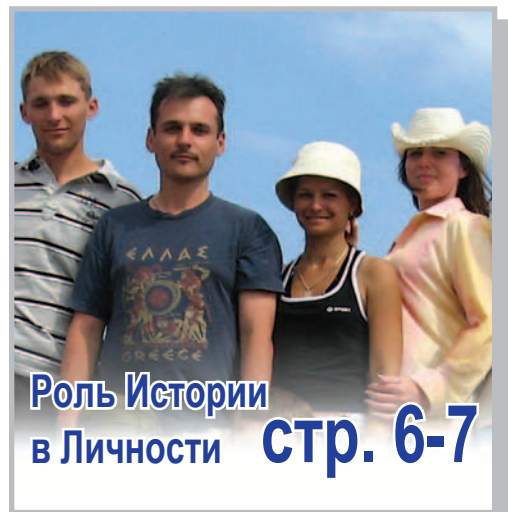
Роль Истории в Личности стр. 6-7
--
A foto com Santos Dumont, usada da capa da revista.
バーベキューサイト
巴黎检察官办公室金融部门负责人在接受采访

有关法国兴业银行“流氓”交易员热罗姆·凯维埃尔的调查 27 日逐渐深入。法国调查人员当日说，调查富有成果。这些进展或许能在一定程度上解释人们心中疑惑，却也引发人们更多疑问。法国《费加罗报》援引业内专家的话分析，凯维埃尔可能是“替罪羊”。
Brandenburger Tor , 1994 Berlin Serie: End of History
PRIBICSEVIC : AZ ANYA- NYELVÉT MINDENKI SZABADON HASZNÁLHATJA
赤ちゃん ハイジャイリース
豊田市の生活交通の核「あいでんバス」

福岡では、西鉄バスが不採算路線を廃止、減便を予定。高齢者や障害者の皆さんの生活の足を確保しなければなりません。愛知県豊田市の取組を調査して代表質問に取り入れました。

*AIM OF THE EXERCISE:* Please transcribe only the lines in the records above running from the line that has "PRIBICSEVIC : AZ" through the line that has "福岡では、西鉄バスが不採算路", both included, exactly as they appear.

*ANSWER SPACE:*
PRIBICSEVIC : AZ ANYA- NYELVÉT MINDENKI SZABADON HASZNÁLHATJA
赤ちゃん ハイジャイリース
豊田市の生活交通の核「あいでんバス」

福岡では、西鉄バスが不採算路線を廃止、減便を予定。高齢者や障害者の皆さんの生活の足を確保しなければなりません。愛知県豊田市の取組を調査して代表質問に取り入れました。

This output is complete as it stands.